Three days since my last blog post? Eep. It’s been a very lethargic week, but I’ll toss out two quick links before I head out the door.
1. The New York Times reports that typographers and graphic designers are miffed by the inaccuracies and anachronisms of certain recent movies:
“Good Night, and Good Luck,” the movie about Edward R. Murrow’s battle to expose the demagoguery of Joseph R. McCarthy, has received both critical and popular acclaim. But the movie has its fervent detractors – and they aren’t people nostalgic for the days of backyard fallout shelters. They are typographers and graphic designers. Their charge: typographical inaccuracy.
It appears that the CBS News sign, prominently displayed in the film’s carefully reconstructed New York newsroom, uses the typeface Helvetica. But Helvetica was not designed until 1957, the year McCarthy died. The movie takes place in the early 1950’s.
“I thought it was a bit jarring,” said Michael Bierut, a graphic designer at Pentagram Studio in New York. “After all, even in 1957, Helvetica was an exotica Swiss import.”
He’s not the only one. And “Good Night, and Good Luck” isn’t the only malefactor. Hollywood features that spend millions on period production design are often rife with inaccurate typography. And among a certain segment of the audience – a certain very narrow segment of the audience – that is an outrage.

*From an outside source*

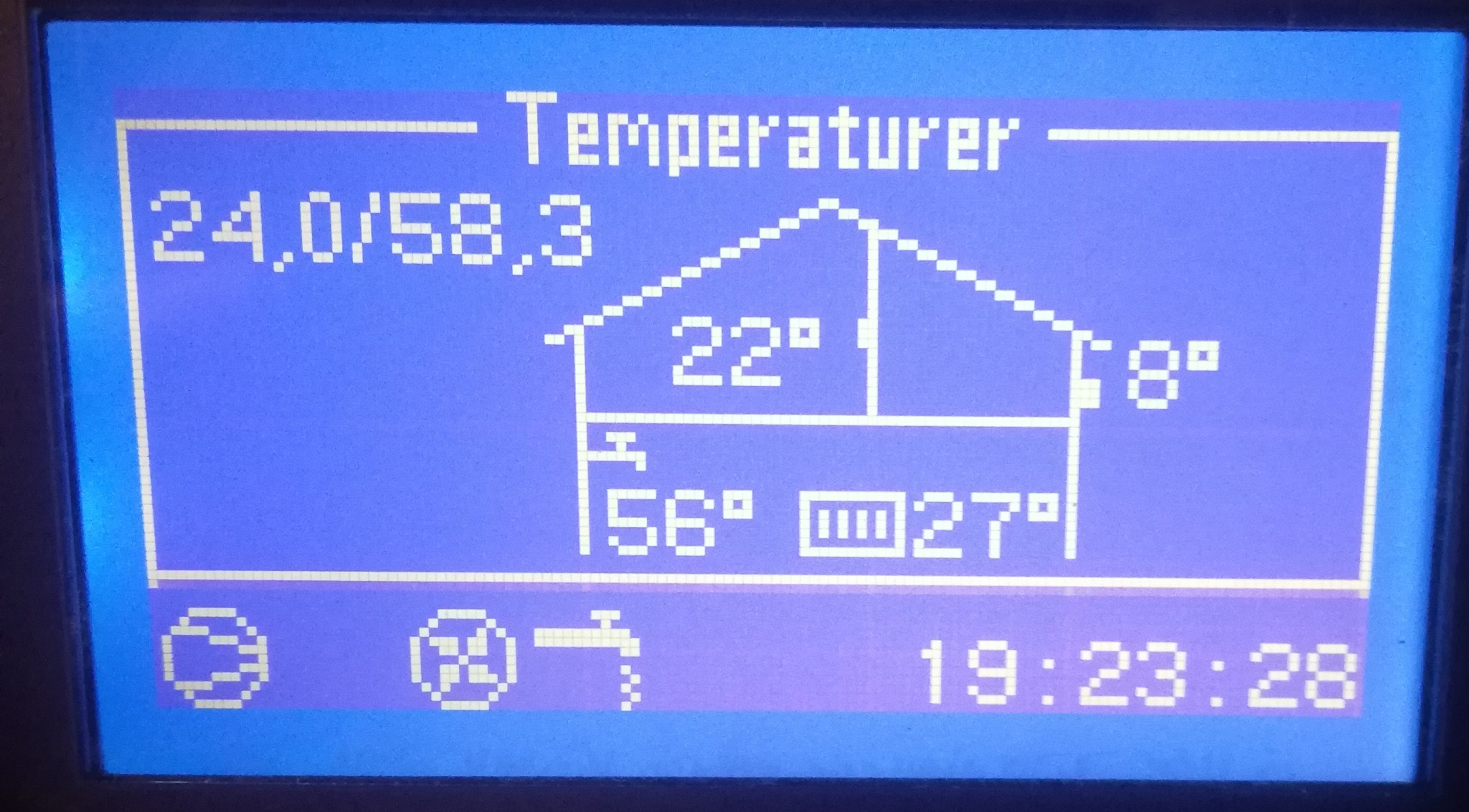 lite värme. Ser temperaturerna nedan rimliga ut? (Är det 27 grader i elementen vid 8 grader ute?) Röret med utgående vatten känns kallare än i sommras, innan kurvändringen.

Mark Simonson, a type designer in St. Paul, Minn., maintains a Web site (www.ms-studio.com/typecasting.html) that exposes cinematic typographical inaccuracies to the withering light of day. Take the 2000 film “Chocolat.” Though the film takes place in 1950’s France, in a close-up shot of a public notice, the headline is set in ITC Benguiat, which he said made its debut in 1978 and was popular mainly in the 80’s. “I almost laughed,” Mr. Simonson writes.
Then there is “L.A. Confidential,” set in 1950’s Los Angeles. It was “tightly written, well acted, beautifully filmed,” Mr. Simonson writes, “but pretty mediocre in its use of type.”
Worse than any of these, to Mr. Bierut, is “Titanic.” The dials on the pressure gauges, he said, are in Helvetica, though the ship went down in 1912. “To me, that’s like taking out a Palm Pilot on the deck of the Titanic,” he said.
Scott Stowell, the founder of Open, a New York graphic design studio, gripes: “The thing that bugs me is that they create these elaborate period pieces for films. They put old cars on the street and get the hairstyles right, but typography, it seems like they don’t know or care.” . . .
FWIW, I can remember proudly pointing at movie screens and saying “That’s Palatino!” when the credits rolled, back when I first got into desktop publishing about 15 years ago, so this is definitely my kind of nit-picking.
2. Cathy Seipp had a piece in the Los Angeles Times a few weeks ago looking at how C.S. Lewis, author of Mere Christianity and The Chronicles of Narnia, has enemies not only on the left but also on the right, thanks to certain fundamentalists who think Lewis was spreading pagan idolatry. The article ends on this amusing note:
My shock at this bizarre anti-C.S. Lewis campaign eventually became a kind of amazed appreciation. The screeds from Robbins and Zakula are actually quite well written — disturbingly so, in fact. And the Van Nattens offer up a strangely compelling American folk art that can’t be faked. They also complain, for instance, that Lewis smoked and drank and that he used the word “ass” four times in books written for children.
OK, he was writing about a donkey in these instances, Mary Van Natten admits, and “being British, it probably did not mean the same to him as it does to Americans (as a swear word), but he could have left it out, especially since he only used it four times and did use ‘donkey’ in other places. However, considering the filthy state of his mind, it is possible that he thought this cute.”
As it happens, the name of the Van Natten website is Balaam’s Ass, not Balaam’s Donkey. But apparently that particular use of the word “ass” is allowed, since it’s directly from the King James Bible, and the website warns that no one under 18 should enter.
However, I noticed that its name did get them listed on a couple of porn aggregators emphasizing anal sex. And I’d say they kind of deserved it.
FWIW, this last bit kind of reminds me of how one website I recently checked had three Google ads at the top: the first was for a pro-creationism website; the second was for a pro-evolution website; and the third, headlined “Gay Galapagos”, was for “luxury gay-friendly cruises to the Galapagos.” Apparently a single reference to Charles Darwin prompts all three of these associations. Come to think of it, this also reminds me of a recent story regarding a scandal at Wal-Mart. It seems we live in an age of automated embarrassments.